To a solution of compound 8[25] (2.58 g, 10 mmol) in THF (50 mL) was added a solution of n-BuLi (4.8 mL, 12 mmol, 2.5 M solution in hexanes) at −78 °C. The reaction mixture was allowed to warm up to 0 °C and 1,5-diiodopentane (5.83 g, 18 mmol) was added dropwise in rapid fashion. The reaction mixture was refluxed at 80 °C for 6 h. Distilled water (30 mL) was added and excess THF was removed under reduced pressure. The residue was extracted with ethyl acetate (50 mL × 2), and the combined organic layers were washed with brine (10 mL) and dried over anhydrous MgSO₄. After filtration and evaporation, the residue was purified by silica gel column chromatography using hexanes/dichloromethane, 7:4, as the eluent to give compound 9 (1.85 g, 41 %). R_f 0.3; ¹H-NMR ((CD₃)₂CO): δ 1.31–1.45 (m, 8H, C(CH₃)₂, NC₂H₄CH₂), 1.50–1.62 (m, 2H, CH₂CH₂-C_carborane), 1.78–1.87 (m, 2H, ICH₂CH₂), 2.16–2.33 (m, 2H, CH₂-C_carborane), 2.39 (dd, J = 11.9, and 3.4 Hz, 1H, CHCH₂-C_carborane), 2.42 (dd, J = 11.9, and 3.4 Hz, 1H, CHCH₂-C_carborane), 3.17 (t, J = 6.8 Hz, 2H, ICH₂), 3.55 (dd, J = 11.9 and 3.4 Hz, 1H, CH₂O), 4.13 (dd, J = 11.9 and 3.6 Hz, 1H, CHCH₂O), 4.21–4.30 (m, 1H, CH₂CHO); ¹³C-NMR ((CD₃)₂CO): δ 6.92 (CH₂I), 25.80 (CH₃), 27.35 (CH₃), 29.07 (C₂H₄CH₂), 30.52 (CH₂CH₂-C_carborane), 33.20 (ICH₂CH₂), 35.32 (CH₂-C_carborane), 39.92 (CH₂-C_carborane), 69.51 (CH₂O), 74.87 (CHO),77.44, 80.22 (C_carborane), 110.02 (C(CH₃)₂); MS (HR-ESI) calcd for C₁₃H₃₁B₁₀IO₂Na (M+Na)⁺: 477.2270, found: 477.2257.
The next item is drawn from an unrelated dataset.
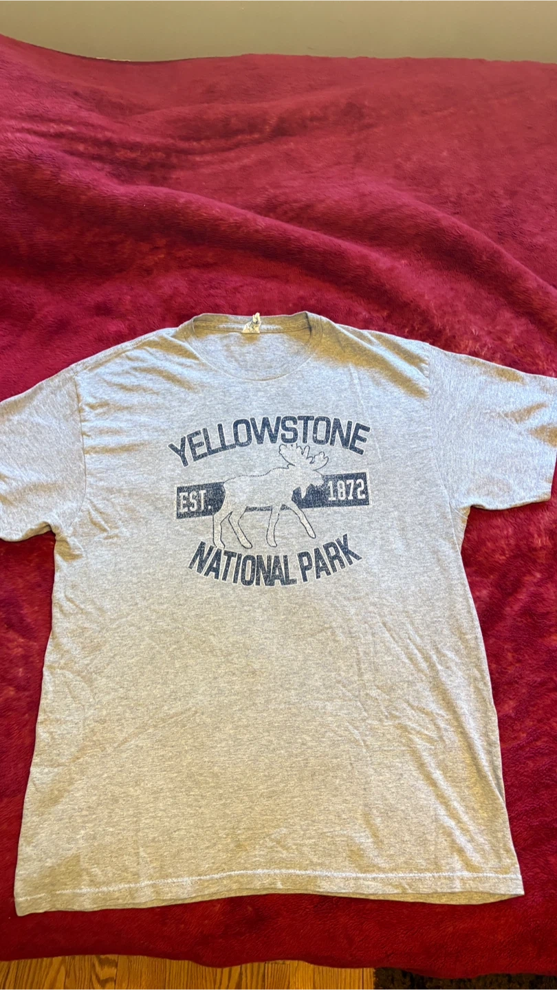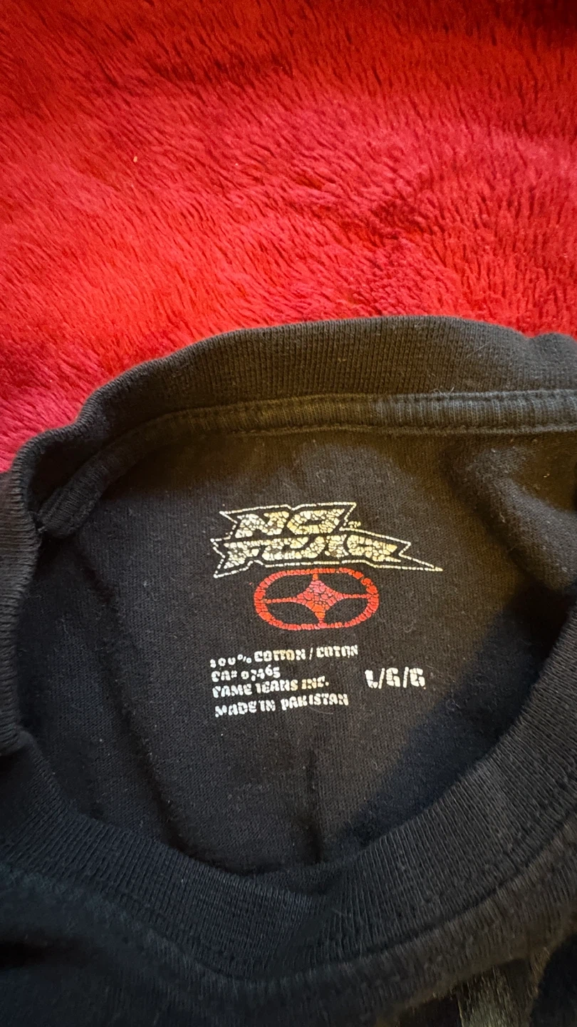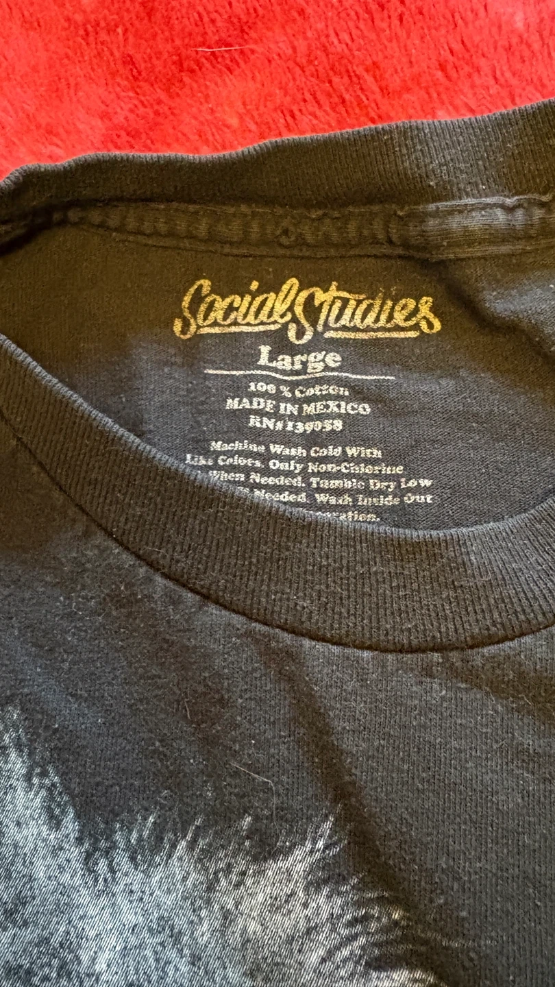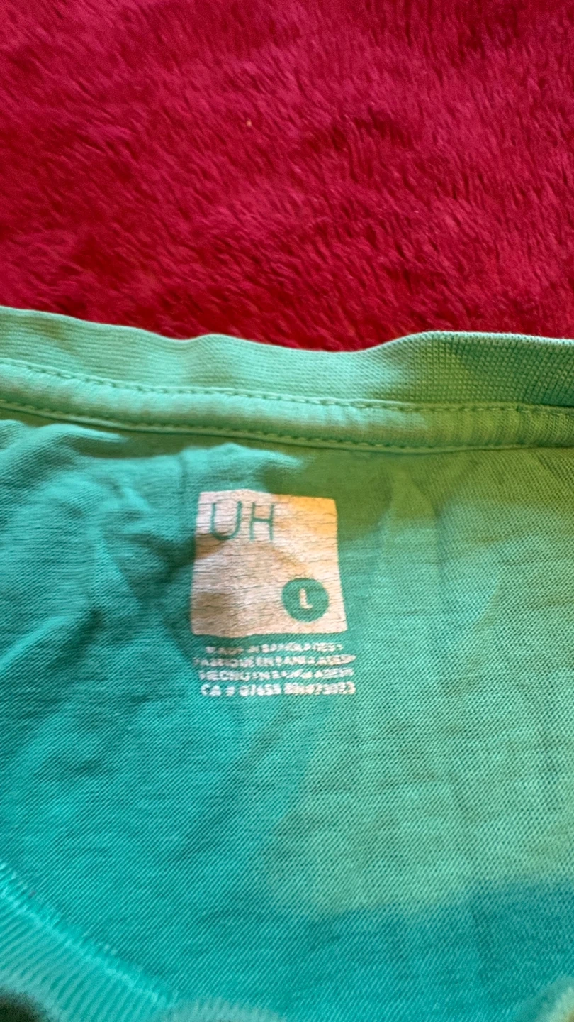 Selling a bundle of four men's graphic t-shirts in size large. Includes a black No Fear shirt, a black California 53 shirt, a teal City of Angels shirt, and a black lion shirt. All are in good condition!

4.1.5. 3-(5-{2-[(2,2-Dimethyl-1,3-dioxolane-4-yl)methyl]-o-carboran-1-yl}pentan-1-yl)thymidine (10).[25]

To a solution of compound 9 (1.67 g, 3.68 mmol) in a mixture of DMF and acetone (50 mL, 1:1) were added Thd (4.45 g, 18.4 mmol) and potassium carbonate (3.05 g, 22.1 mmol) and stirred at 50 °C overnight. The reaction mixture was filtered and the filtrate was concentrated under reduced pressure. The residue was purified by silica gel column chromatography using ethyl acetate/methanol, 20:1, as the eluent to give compound 10 (1.0 g, 48 %). R_f 0.29; ¹H-NMR (CD₃OD): δ 1.29–1.42 (m, 8H, (CH₃)₂C, NC₂H₄CH₂), 1.57–1.69 (m, 4H, NCH₂CH₂, and CH₂CH₂-C_carborane), 1.92 (s, 3H, CH₃), 2.17–2.40 (m, 4H, CH₂-C_carborane, H-2", and H-2'), 2.54 (dd, J = 11.9, and 3.4 Hz, 1H, CHCH₂-C_carborane), 2.61 (dd, J = 11.9, and 3.4 Hz, 1H, CHCH₂-C_carborane), 3.56 (t, J = 6.8 Hz, 1H, CH₂O), 3.74 (dd, J = 11.9, and 3.4 Hz, 1H, H-5"), 3.82 (dd, J = 11.9, and 3.4 Hz, 1H, H-5'), 3.88–3.96 (m, 3H, CH₂N, and H-3'), 4.06–4.14 (m, 1H, CH₂O), 4.20–4.32 (m, 1H, CH₂CHO), 4.38–4.44 (m, 1H, H-4'), 6.32 (t, J = 6.8 Hz, 1H, H-1'), 7.86 (s, 1H, H-6).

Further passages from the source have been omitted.